Let $H_1$, $H_2$, $H_3$ be normal subgroups of a group $G$. Furthermore let
- $H^1=\langle H_2\cup H_3\rangle$,
- $H^2=\langle H_1\cup H_3\rangle$,
- $H^3=\langle H_1\cup H_2\rangle$.
Suppose that the homomorphism $p:G\rightarrow G/H^1\times G/H^2\times G/H^3$ defined by $$p(g):=(gH^1,gH^2,gH^3)$$ is an isomorphism of $G$ onto $G/H^1\times G/H^2\times G/H^3$.
Do these assumptions imply that $G$ is the internal direct product of $H_1$, $H_2$ and $H_3$?
Yes:
Notice $H_1\le H^2\cap H^3$ and as $\rho$ is an isomorphism $H^1\cap H^2\cap H^3=1$ so $H_1\cap H^1=1$. Therefore $G/H^1$ has a subgroup isomorphic to $H_1$. Similarly $G/H^2$ has a subgroup isomorphic to $H_2$ and $G/H^3$ has a subgroup isomorphic to $H_3$.
Together this means $G$ has a subgroup isomorphic to $H_1\times H_2\times H_3$ which is the image of $H_1H_2H_3$ under $\rho$.

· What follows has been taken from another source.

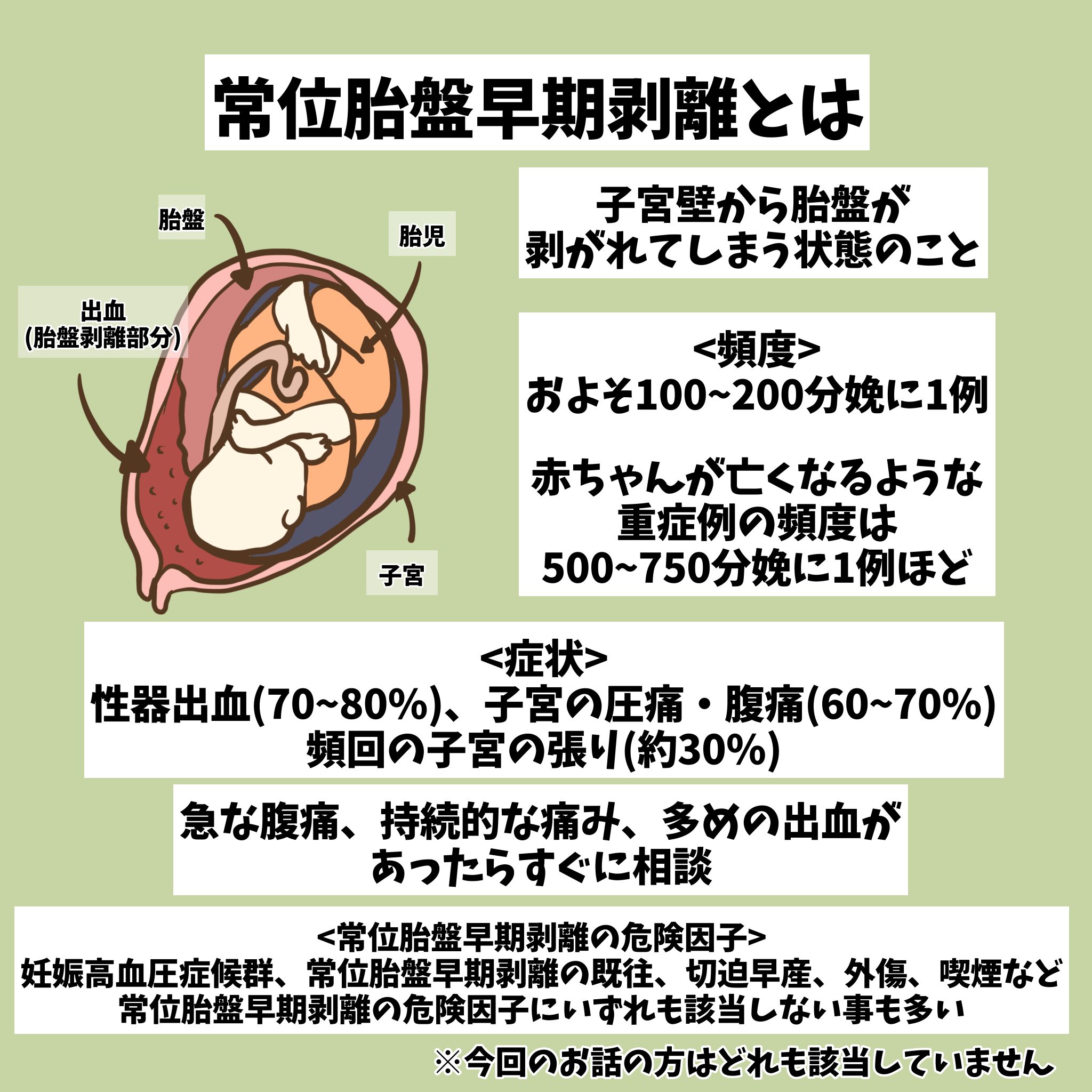 常位胎盤早期剥離については私が調べて簡単にまとめたものなので、より詳しく知りたい方は是非検索して理解を深めていただけたらと思います。

If $g\in G\setminus H_1H_2H_3$ then suppose $\rho(h)=(gH_1,H_2,H_3)$ for some $h\in G$. In particular $h\in H_2\cap H_3$ and $h^{-1}g\in H_1$ so $g=h(h^{-1}g)\in H_1H_2H_3$ contrary to assumption. Hence $\rho$ is not surjective contrary to assumption. This means $G=H_1H_2H_3$ which is isomorphic under $\rho$ to $H_1\times H_2\times H_3$.